Walter Van den Acker said...

Michael

I do not smuggle in duty at all. X is good means that doing X is good. In the case of the young man, both his options are good, so none of them is 'right' (or both are).
It's simply a matter of definitions. If libertarian free will is coherent, I can choose to do Y instead of X, and if Y is bad, then I have made a bad choice.

A moral theory does not need duty and it most certainly doesn't need extremely ambiguous notion like 'praiseworthy' and ' culpable'.



Michael Gonzalez said...

Even if "doing X is good" that doesn't meant that doing X is right. On a theory with no duty there is no right or wrong behavior. You say "I have made a bad choice", and again there is a serious danger of equivocation (I won't accuse you of doing it intentionally, but I'd be surprised if you weren't aware of it). "I made a bad choice" usually means "I made a wrong choice" or, at least, "an incorrect choice", which you can't get without duty. All you can get is that they have made the choice to do what is morally bad. So what?

Now, it is quite natural to go from "what they are doing is morally bad" to "they shouldn't do that" or "it was a wrong choice", but that's duty again.

Walter Van den Acker said...

Michael

Doing X is good means doing X is right. That's because I define it that way. It has nothing to do with duty.
Simply, what is good is what is right. A wrong choice is a choice for something that isn't good. No duty involved anywhere.

Michael Gonzalez said...

Walter,

That's just conflating what is normally called "value" with what is normally called "duty" (whether you use the term or not). That something is good carries no weight at all as to what I ought to do. Adding in that I ought to constrain my behavior so as to pursue good things and avoid bad ones is a statement of moral duty, whether you like it or not. Further delimiting my choices among the various goods is also a matter of "oughts" or "duties".

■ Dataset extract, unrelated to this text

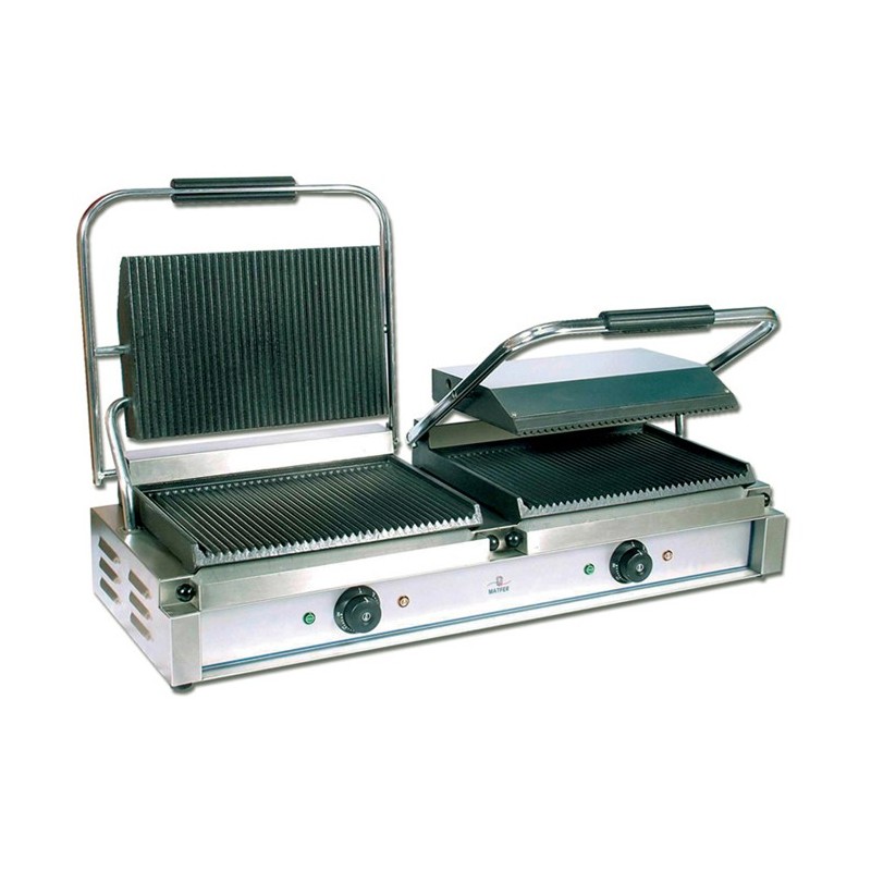 2 plaques surface de contact : 340 x 220 mm. Réglage indépendant du thermostat de 50° à 300° C. 2 prises de courant séparées.

When asking "what should I do" in a situation or with my life course, it is not enough to just point to all the goods (including beauty, self-expression, generosity, prudence, mercy, justice, etc... many of which will often be at odds with each other). And why pursue the good at all? Or why all the time? Against what standard is it incorrect to do some bad things when I feel like it?

Alexander R Pruss said...

Michael:

That's controversial. One might reduce the right and the wrong to the good and bad. I think it is an attractive view to claim that a wrong action just is an action that is bad, in the sense of being flawed as an action. That doesn't mean that one can reduce the right and the wrong to the action's effects being good or bad, of course.

I think the attractive view is false, because not every kind of badness of an action qua action is a moral badness. For instance, an action is flawed if it is unsuccessful. But being unsuccessful doesn't make it wrong.

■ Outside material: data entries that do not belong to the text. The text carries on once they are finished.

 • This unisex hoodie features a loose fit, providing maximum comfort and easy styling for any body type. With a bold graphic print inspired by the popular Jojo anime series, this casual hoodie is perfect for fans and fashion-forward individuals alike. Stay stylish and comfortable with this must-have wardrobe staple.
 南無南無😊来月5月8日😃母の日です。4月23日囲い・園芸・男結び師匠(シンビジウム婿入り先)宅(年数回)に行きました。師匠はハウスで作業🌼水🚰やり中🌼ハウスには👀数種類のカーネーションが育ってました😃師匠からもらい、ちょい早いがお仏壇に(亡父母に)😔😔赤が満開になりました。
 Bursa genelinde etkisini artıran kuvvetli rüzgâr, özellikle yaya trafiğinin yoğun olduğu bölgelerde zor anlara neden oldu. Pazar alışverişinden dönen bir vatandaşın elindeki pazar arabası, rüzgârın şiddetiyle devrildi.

It is, no doubt, true that an action is wrong if and only if it is morally bad. But that's not going to be much of a reduction.

Walter Van den Acker said...

Michael

What Alex said. If we reduce the right and the wrong to the good and the bad, morality is compatible with determinism.

Alex

My suggestion would be that actions that are intrinsically bad are 'wrong'. That is, we use 'wrong' as a synonym for 'intrinsically bad'. I do not know if we don't consider the action's effect, intrinsic badness makes any sense, but defining 'intrinsically bad' would be a problem for any moral theory.
Anyway, my point was that it is not obvious that morality necessarily requires indeterminism.